Вечером собиралась вся семья. Мета играла на рояле. Она играла хорошо и очаровательно хмурилась от сосредоточенности. Мать перенесла свои шиллеров-ские вечера в Берхтесгаден. Мы по очереди декламировали любимые отрывки и обсуждали стихи. Однажды Мета смутила меня, принеся «Дни тьмы и ночи света» и настояв, чтобы мы почитали оттуда: «Есть же, в самом деле, и другие поэты». Отец мой тихо похрапывал во время чтения, накрыв лицо платком, но в конце был разбужен аплодисментами: «Что? Что?» Я сидел в уголке, и после чтения Мета подошла ко мне с книгой. Она прижимала ее к сердцу.
— Подпиши мне.
— А что написать? Она задумалась.
— Моей прекрасной кузине Мете, с симпатией, Отто.

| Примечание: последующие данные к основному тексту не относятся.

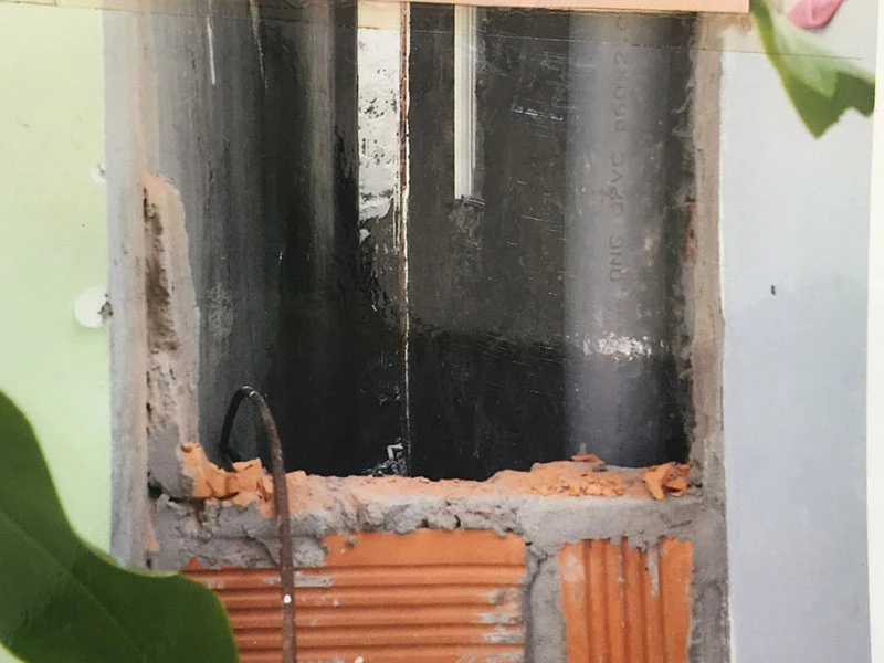 Khoảng hở giữa nhà nguyên đơn và bị đơn trên giấy là 0,7 m nhưng thực tế chỉ còn 0,3 m. Ảnh: NN

— Какое тщеславие! На-ка, — сказал я, выводя надпись: «Моей проказливой кузине Мете, с большой любовью, Отто». Она наклонилась и поцеловала меня, нежно, едва прикоснувшись, выхватила у меня книгу и выбежала из комнаты. Моя мать и мать Меты с улыбкой кивнули друг дружке. Им кое-что было понятно, хотя я, со своей стороны, полагал, что мои чувства всего лишь родственные.
Тем не менее 16 июля 1923 года мы с Метой поженились. Ей было восемнадцать, мне — двадцать семь.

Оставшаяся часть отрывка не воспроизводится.